Because sheets have a limit in size. If there are too many transactions to be included, a selection must be made. The winner of the lottery is free to choose which transactions he wants to include in the new sheet. You know, we should start calling these sheets blocks, that's their real names.
Can't we bribe the lottery winner?
Bribery? What do they teach you in school nowadays?
Actually, we can, and it's quite easy. When you define a transaction, you can define your output inferior to your input. This way, you are telling the lottery winner he can keep the difference. Of course, lottery winners will choose those transactions with a higher difference.
How are new bitcoins generated?
In this 10 minute lottery. The winner also gains some bitcoins as a prize, and this it's the only way new bitcoins are born.
So, every 10 minutes some bitcoins are born?
Yes. It’s called the block subsidy, and these new bitcoins belong to the lottery winner. When Bitcoin started, the block subsidy was 50 bitcoins. Every 210.000 blocks (more or less 4 years) this block subsidy is cut in half. Nowadays the block subsidy is 6.25 bitcoins, and in 2024 it will be cut to 3.125 bitcoins.

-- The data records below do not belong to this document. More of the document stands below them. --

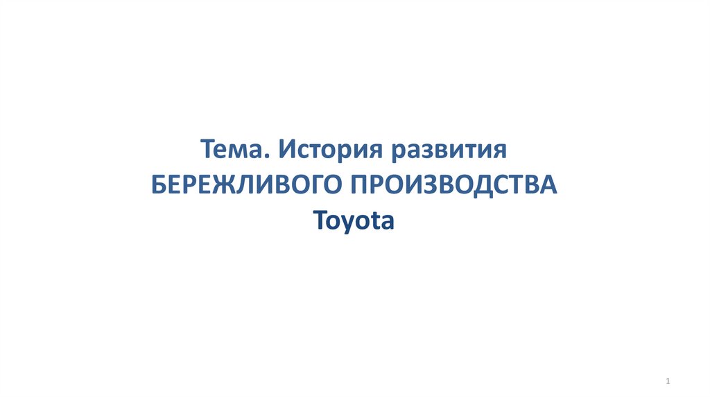 1. Тема. История развития БЕРЕЖЛИВОГО ПРОИЗВОДСТВА Toyota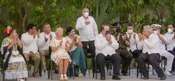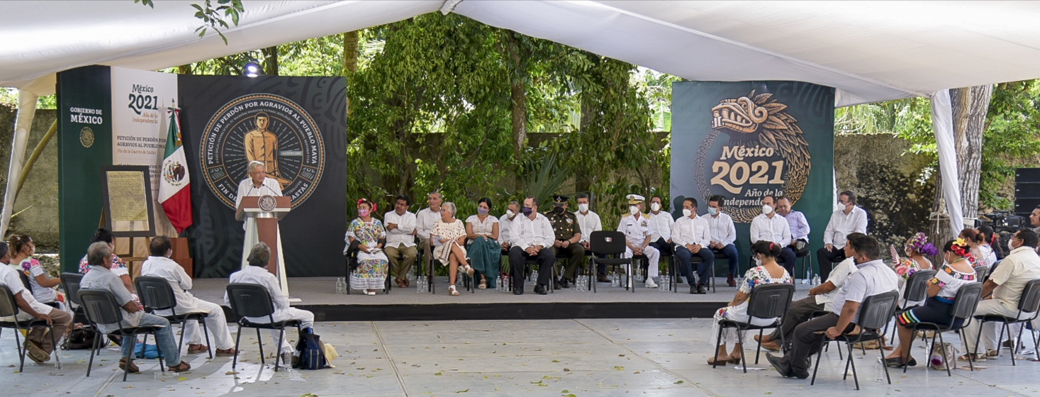 QUINTANA ROO. – El gobernador Carlos Miguel Aysa González asistió a la ceremonia de petición de perdón por agravios al pueblo maya, fin de la Guerra de Castas, que encabezó el presidente Andrés Manuel López Obrador en la comunidad de Tihosuco del municipio de Felipe Carrillo Puerto; en el evento también estuvieron presentes la secretaria de Gobernación, Olga Sánchez Cordero y los mandatarios estatales de Chiapas, Tabasco, Quintana Roo y Yucatán, entre otras autoridades.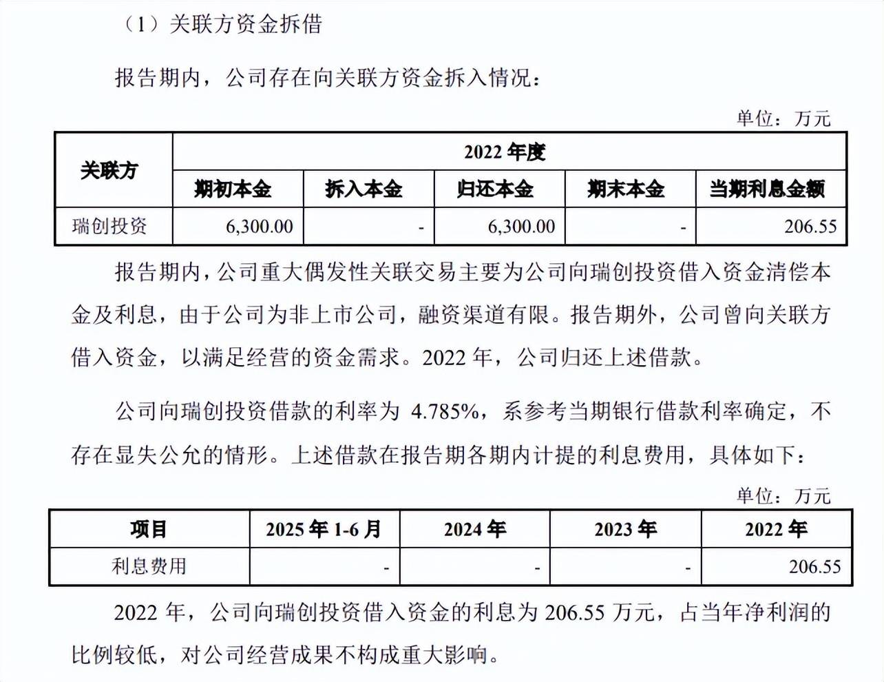 曾拆入6300万元。2022年初,埃泰克对瑞创投资的拆入资金为6300万元,主要为清偿本金及利息,相关借款利率为4.785%,2022年归还相关借款、利息,当期利息费用206.55万元。

So, how many bitcoins will ever be generated?
Almost 21 millions.
That’s it? 21 millions?
Yes, 21 millions in round numbers, no more no less.
And why 21 million?
Nobody knows. Satoshi Nakamoto, the guy who invented this, decided it. It was easy to get any other number. If for instance he wanted to be 42 millions, all was needed was to start with a block subsidy of 100 bitcoins instead of 50. Or if he wanted it to be 16 millions, just halved the block subsidy every 160.000 blocks instead of 210.000. The truth is, nobody really knows.
Can’t we ask him?
Nopes. He disappeared shortly after announcing Bitcoin.